Book Review – Walk it Off

A few weeks ago I wrote a blog announcing Ruth Marshall’s book, Walk it Off, and at the time I promised to come back with a review of the book. I finished the book in about 48 hours despite the fact that I was suffering from a spinal fluid leak that kept my reading time to short interludes, but I have waited to write this review because I was trying to figure out how far I should go in my review (not that it really matters much because I don’t have a large group of readers). Now, several weeks after completing the book, I think I have decided what I want to say about it.
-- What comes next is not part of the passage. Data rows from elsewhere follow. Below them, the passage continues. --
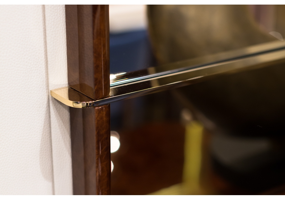 Madison von Andrea Bonini für Turri entworfen, ist ein Spiegel mit MDF-Struktur in glänzend lackierter Ausführung und goldenen Metalldetails.
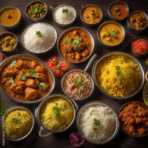 National Rice Pudding Day. Assortment of indian dishes - rice and curry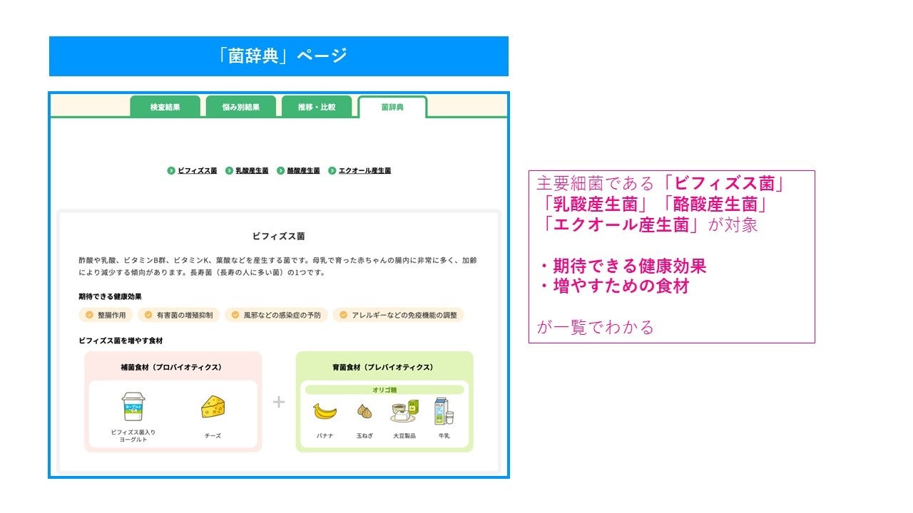 新しく「菌辞典」ページを追加しました。マイキンソー Gut V2の「主要細菌の割合」に該当する「ビフィズス菌」「乳酸産生菌」「酪酸産生菌」「エクオール産生菌」を対象に、菌の特徴や期待できる健康効果、菌を育てるのに必要な食事などの情報が一目でわかるように一覧にしました。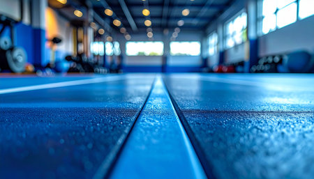 A detailed, low-angle shot of a blue gym floor with a prominent white line, blurring into a sunlit gym interior with equipment.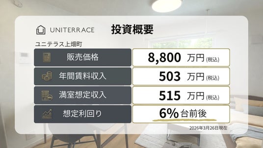 ユニテラス上畑町の投資概要はこちら。2026年3月現在、満室で稼働しています。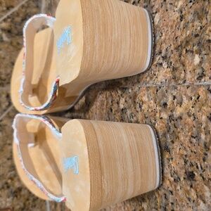 A size 9.5 pair of Floral Sandals by Skechers.. please view all pictures as these are the exact shoes you will receive.. I cannot find the size tag but based on my shoe size I will say a 9.5 fit.. no box included..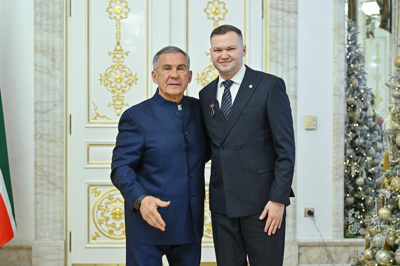 Раис РТ Рустам Минниханов присвоил звание «Заслуженный работник физической культуры Республики Татарстан» заместителю министра спорта РТ Алмазу Хусаинову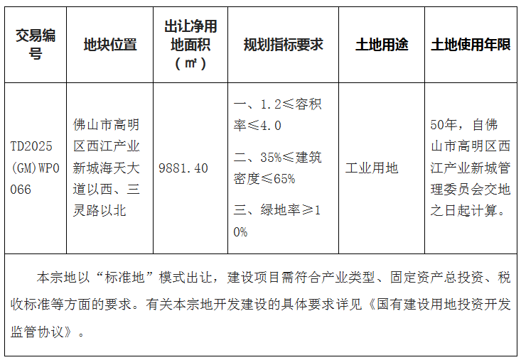 佛山市高明区西江产业新城海天大道以西、三灵路以北网上拍卖出让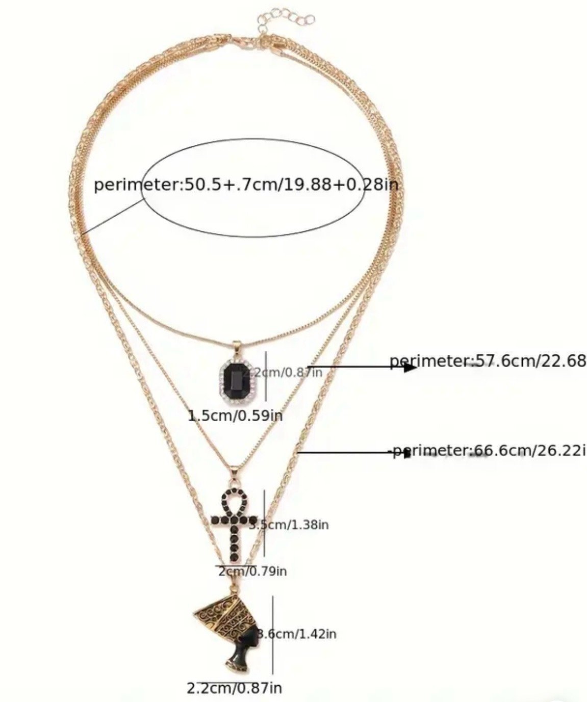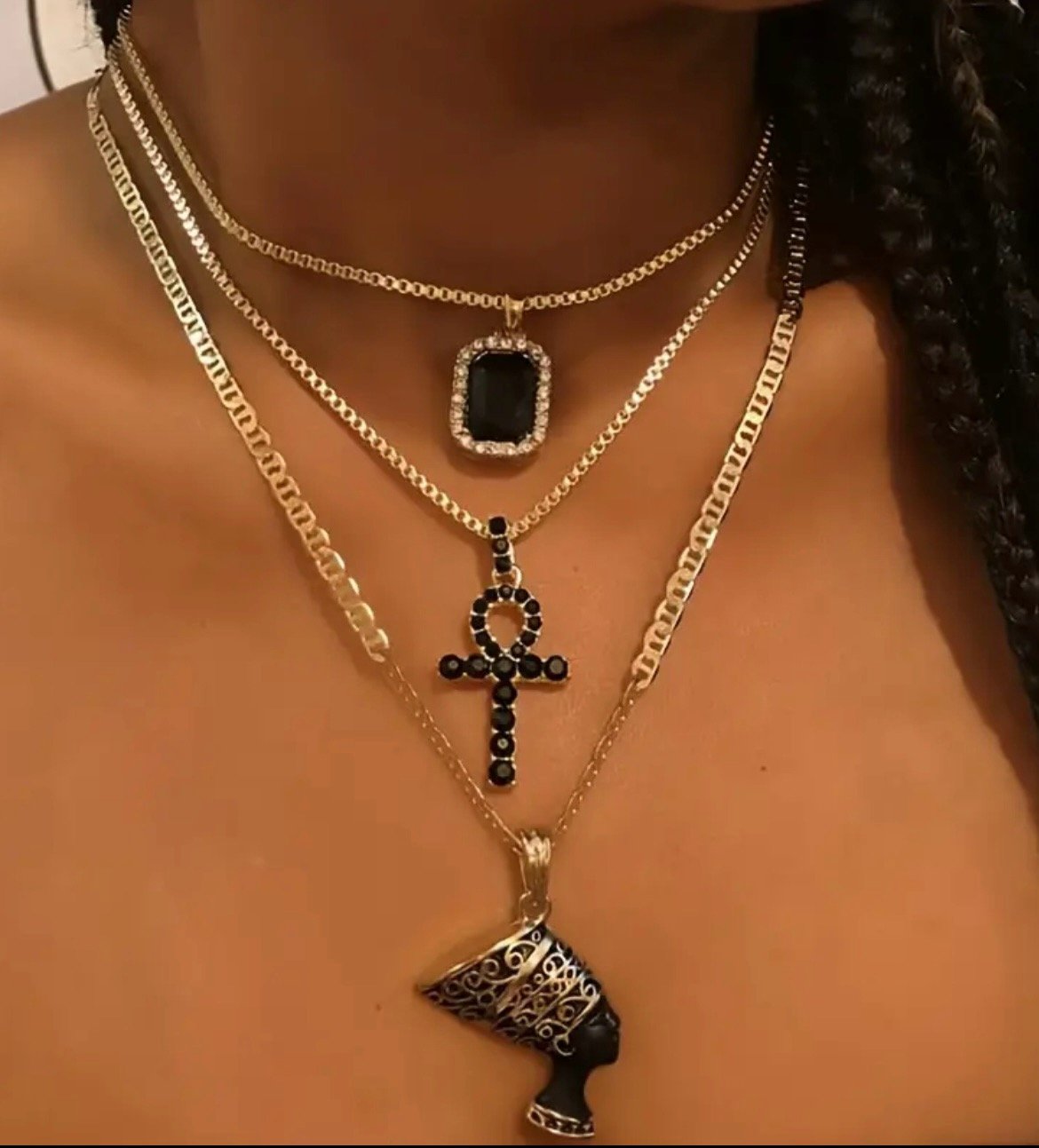 Vintage Multi-Layer Gold Plated Stainless Steel Pharaoh Egyptian Necklace with Black Rhinestones
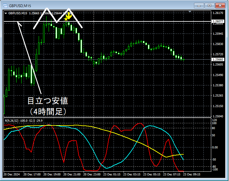 また、この例では、損切りラインを直近高値(ダブルトップの左側の山)の少し上に置くことなどにより、リスクリワードの良いトレードが可能である。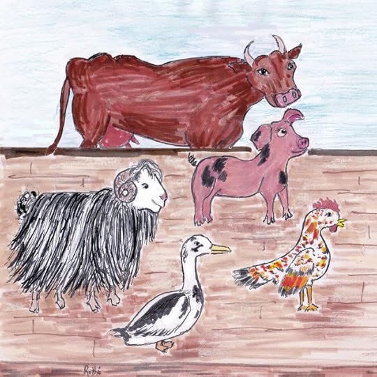Then, the very next morning, the storm broke. The animals poked their noses out of barns, coops, and sties, saw sunshine, and ran out rejoicing. Rams loped across the pasture and leaped over rocks. Pigs rolled in the nice fresh mud. Sundara spread his beautiful tail to dry, smiled, and said, “See. I told you. The rain makes sunshine brighter. Blue rolled his eyes and flew to the fence where he crowed.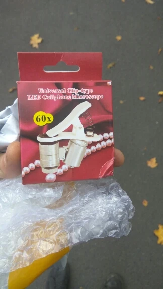 Микроскоп для телефона с зажимом 60X, увеличительное стекло со светодиоднойУФ-подсветкой для универсальных смартфонов iPhone, Samsung, HTC, Blackberry, Nokia
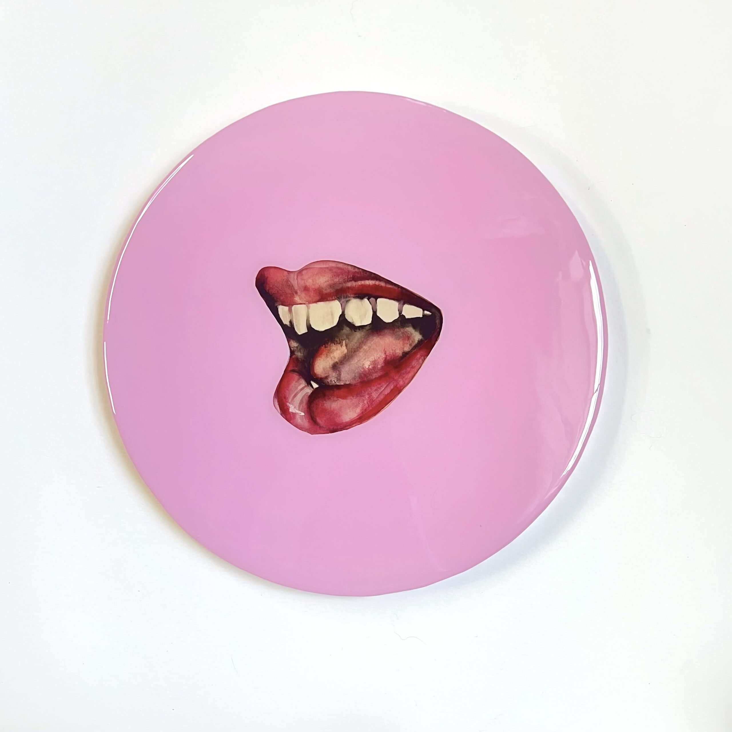 Original 12-inch diameter, 1/2-inch deep round painting. Watercolor, Chinese ink, acrylic, resin. Comes ready to hang.

First and foremost, I would like to thank Ms. Marshall for opening up and sharing her experience with the rest of us. Recovery can be a deeply personal experience, and certainly some aspects of the recovery (i.e. incontinence issues and suppositories) are more private than others, so I can say I am very grateful that she shared so candidly. As I was negotiating the early days of my own recovery, these details helped me to feel like I was not alone in my experience. From the moment she was diagnosed to the day she was discharged from rehab, I found my own experiences jumping off of the page. So I thank her for that.
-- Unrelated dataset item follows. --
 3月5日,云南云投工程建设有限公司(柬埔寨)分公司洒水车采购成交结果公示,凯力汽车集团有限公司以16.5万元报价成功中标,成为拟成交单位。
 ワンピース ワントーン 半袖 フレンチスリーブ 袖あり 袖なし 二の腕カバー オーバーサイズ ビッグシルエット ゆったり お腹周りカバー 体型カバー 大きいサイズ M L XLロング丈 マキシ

However, there were also moments when I wondered who she envisioned reading the book. Adoring fans who wanted a window into her experience? Peers in the entertainment industry – so they would understand why she was no longer acting? Other people, like myself, who have also had spinal cord tumors? The world at large? Or was she, just maybe, writing it for herself? I can’t be sure. But if she was writing it for other spinal cord tumor survivors (or those who are newly diagnosed), I believe she missed the mark by repeatedly stressing her decision to not join the community of survivors. She didn’t want to connect with other people who were experiencing recovery at the same time as her. She didn’t want the advice or reassurance of people who had already made it through the early stages of recovery and were now trying to find their way in their new lives. She wasn’t trying to use her position as a public figure to call for more research into the condition or assistance for survivors less fortunate than herself. And the disdain with which she seemed to view those of us who have turned to others for support and guidance was off putting. Each time she mentioned her decision to not connect with a fellow spinal cord tumor survivor, I felt somehow insulted. So, there is that.
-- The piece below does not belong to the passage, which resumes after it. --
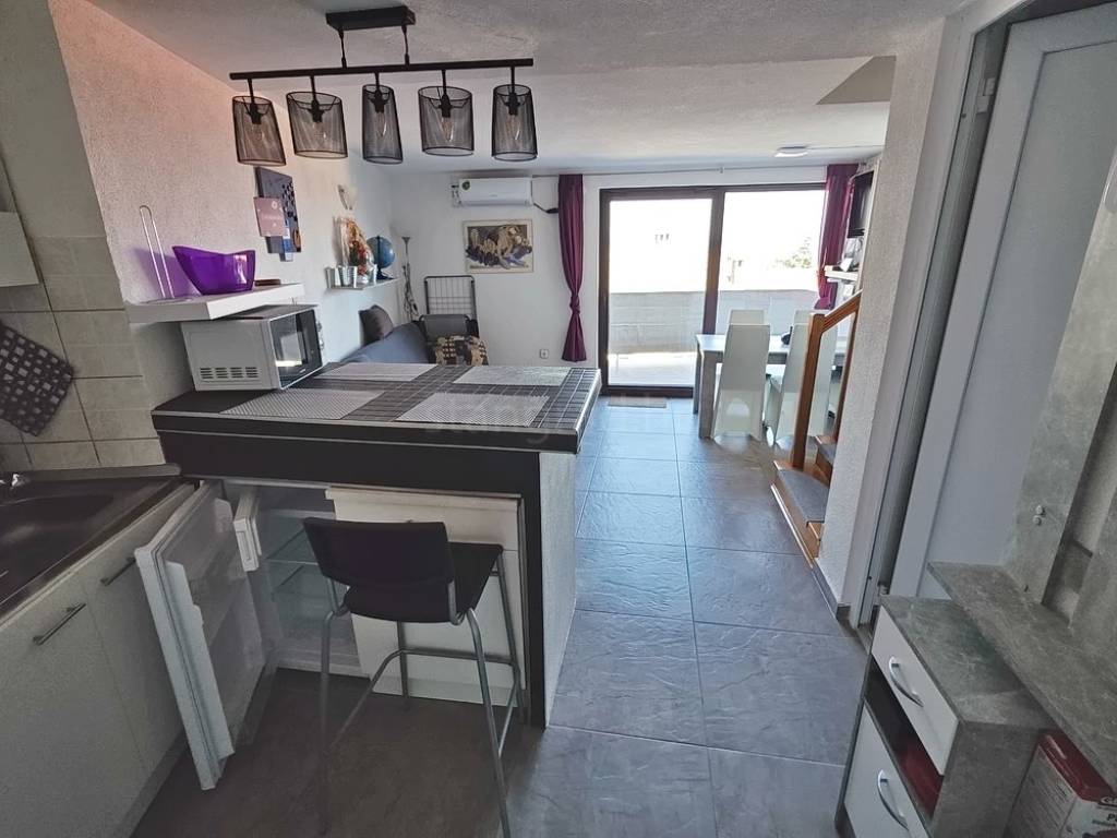 In the property selection of the Stan Grad Immobilien agency on the island of Krk, there is a very attractive apartment that is ideal for a tourist stay and vacation on the Adriatic. The apartment is located in a charming settlement in a highly sought-after location, in close proximity to the sea and the center of Malinska. It is a two-level apartment with internal stairs, with the entrance situated on the lower floor.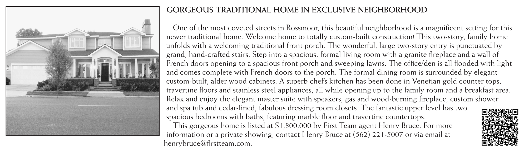 GORGEOUS TRADITIONAL HOME IN EXCLUSIVE NEIGHBORHOOD One of the most coveted streets in Rossmoor, this beautiful neighborhood is a magnifi cent setting for this newer traditional home. Welcome home to totally custom-built construction! This two-story, family home unfolds with a welcoming traditional front porch. The wonderful, large two-story entry is punctuated by grand, hand-crafted stairs. Step into a spacious, formal living room with a granite fi replace and a wall of French doors opening to a spacious front porch and sweeping lawns. The offi ce/den is all fl ooded with light and comes complete with French doors to the porch. The formal dining room is surrounded by elegant custom-built, alder wood cabinets. A superb chef’s kitchen has been done in Venetian gold counter tops, travertine fl oors and stainless steel appliances, all while opening up to the family room and a breakfast area. Relax and enjoy the elegant master suite with speakers, gas and wood-burning fi replace, custom shower and spa tub and cedar-lined, fabulous dressing room closets. The fantastic upper level has two spacious bedrooms with baths, featuring marble fl oor and travertine countertops. This gorgeous home is listed at $1,800,000 by First Team agent Henry Bruce. For more information or a private showing, contact Henry Bruce at (562) 221-5007 or via email at henrybruce@fi rstteam.com.

Another problem I had with her was her focus on being able to have sex with her husband. It is just that from where I am right now, there are so many things that are much higher priorities for me. For example, I would happily give up sex for the rest of my life to get rid of the pain and discomfort that I have been experiencing. I am fortunate because I can still walk post-op, but if I couldn’t, I am sure I would be willing to trade sex for the ability to walk. And even if I could have sex right now, would I be able to get in the mood when I am wondering if I will be able to get back to work before my Family Medical Leave runs out? Or when I am obsessing  about the bills that are rolling in, wondering how we will pay them – especially if I can’t go back to work? And then there is the worry about continued health insurance coverage since that is provided by my job. And did I mention that I will also lose my retirement because I haven’t been with my current employer for ten years. But maybe that is the difference between living in the United States and Canada? Maybe if I had a national health system I too would be able to make my sex life the focus of my recovery? I am sure the Democrats could find a way to use that. I can see the ads already – happy, smiling people from all walks of life who have obviously had serious medical conditions – they aren’t worried about going bankrupt to pay medical bills – they are just worried that the doctors won’t be able to restore their ability to achieve orgasm… but I digress.

I am grateful to anyone who is willing to share their story of recovery because those stories help me to find the courage to keep pushing forward with my own recovery, so I am grateful to Ms. Marshall. But I am also disappointed.